With pictures left out, copy exactly every line from the one containing "Massage aux ballotins de plantes chaudes" through the end of the material.

Dataset content:
- - -

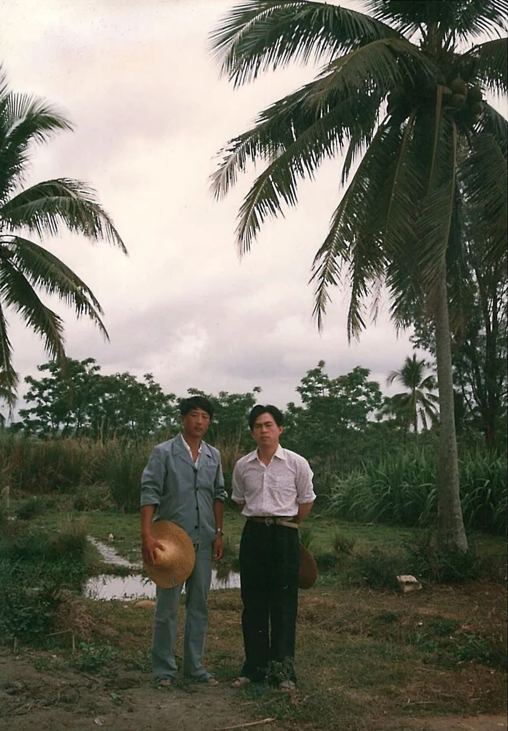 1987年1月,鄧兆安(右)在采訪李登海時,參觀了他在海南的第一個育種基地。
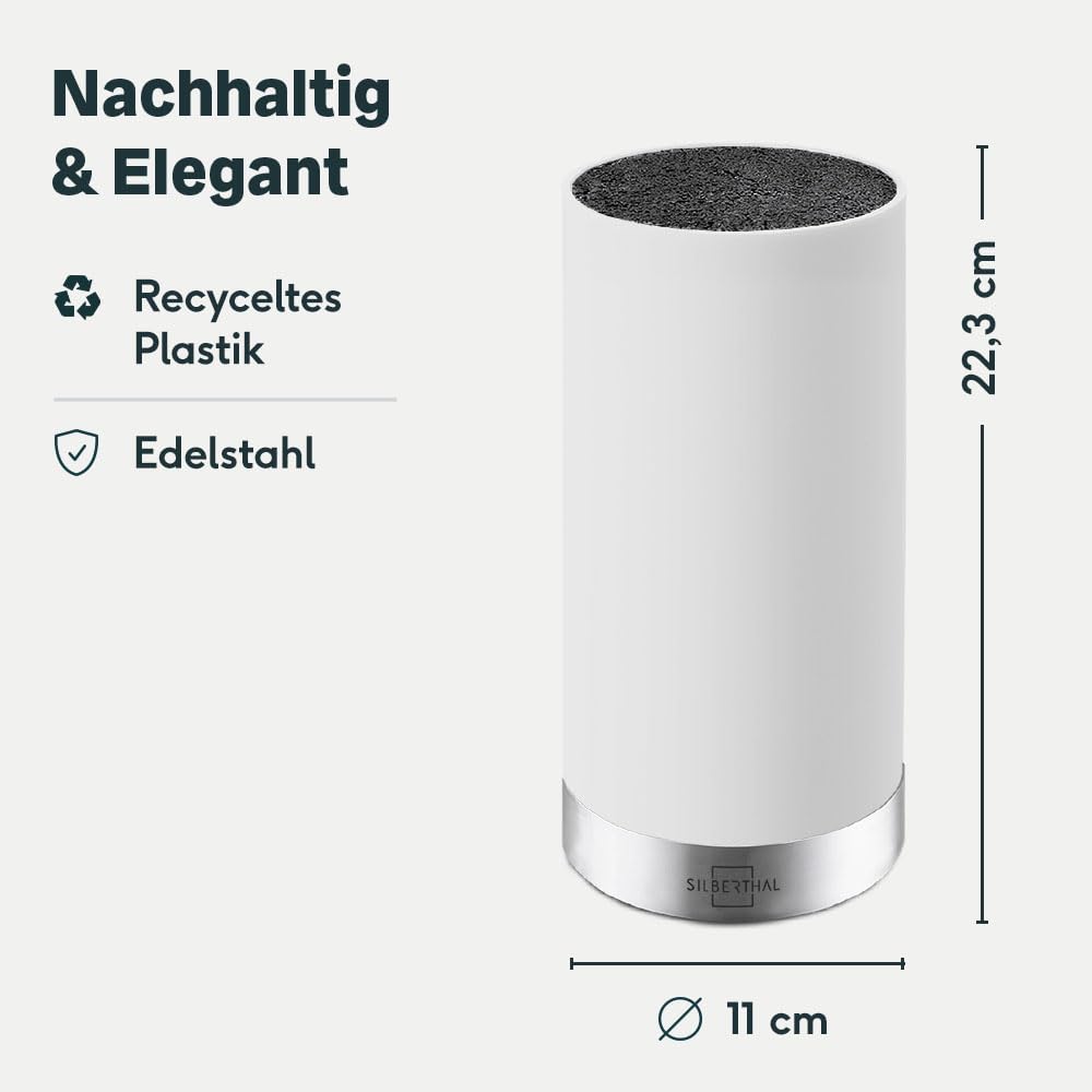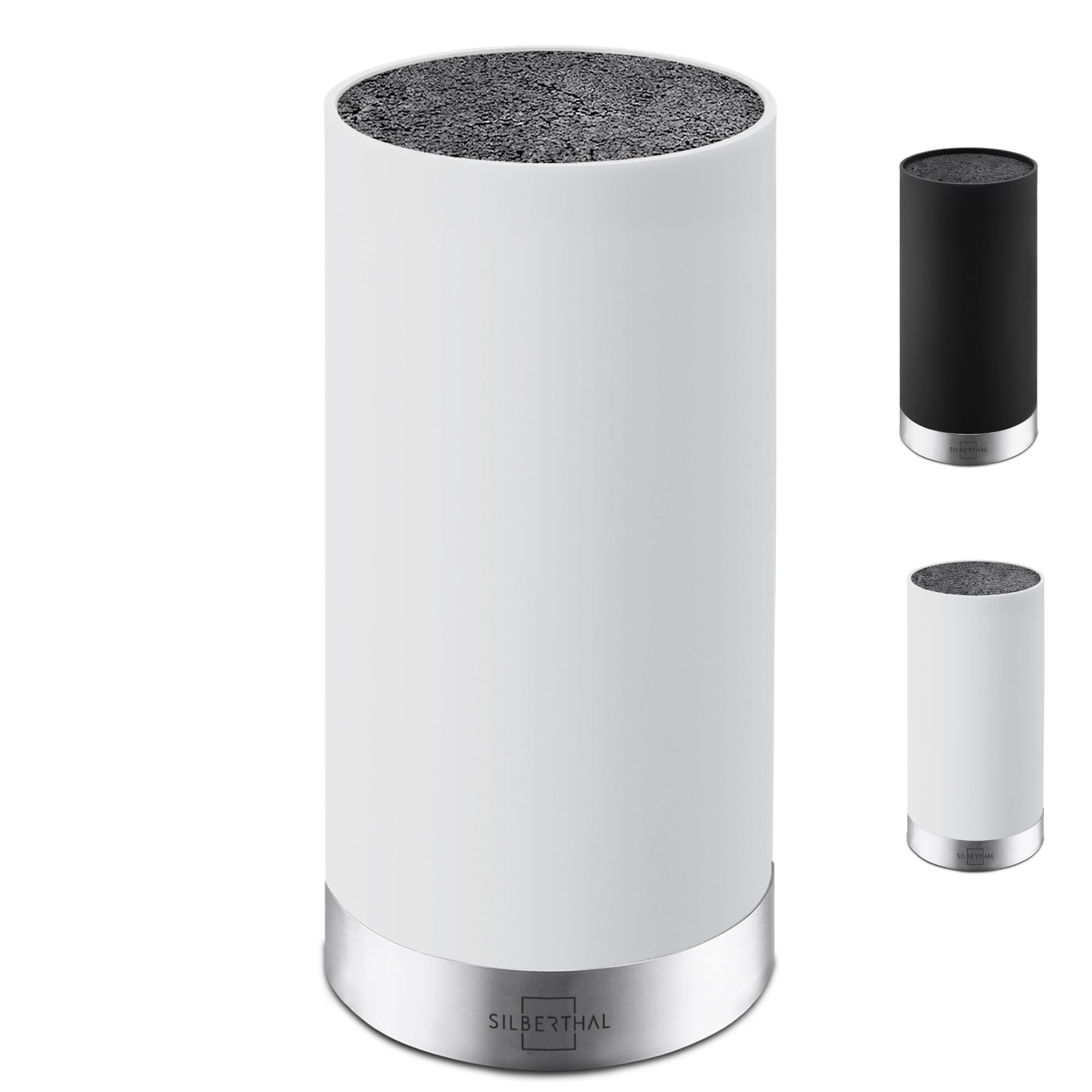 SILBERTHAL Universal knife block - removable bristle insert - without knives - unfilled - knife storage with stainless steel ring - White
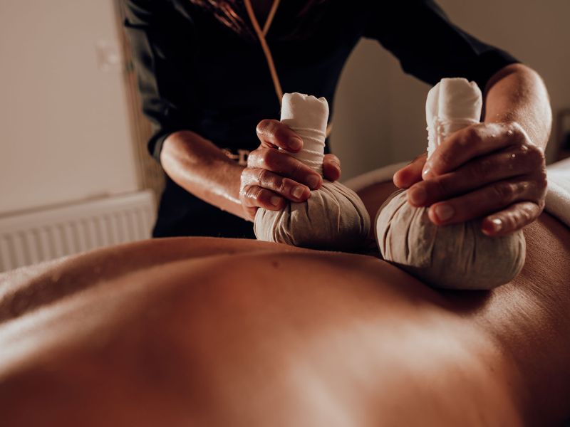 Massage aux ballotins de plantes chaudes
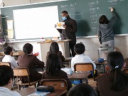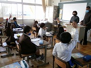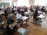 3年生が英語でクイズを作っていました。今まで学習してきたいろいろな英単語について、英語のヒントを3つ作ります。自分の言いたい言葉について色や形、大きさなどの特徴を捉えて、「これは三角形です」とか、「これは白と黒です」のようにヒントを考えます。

- - -

Task solution:
 Massage aux ballotins de plantes chaudes
 3年生が英語でクイズを作っていました。今まで学習してきたいろいろな英単語について、英語のヒントを3つ作ります。自分の言いたい言葉について色や形、大きさなどの特徴を捉えて、「これは三角形です」とか、「これは白と黒です」のようにヒントを考えます。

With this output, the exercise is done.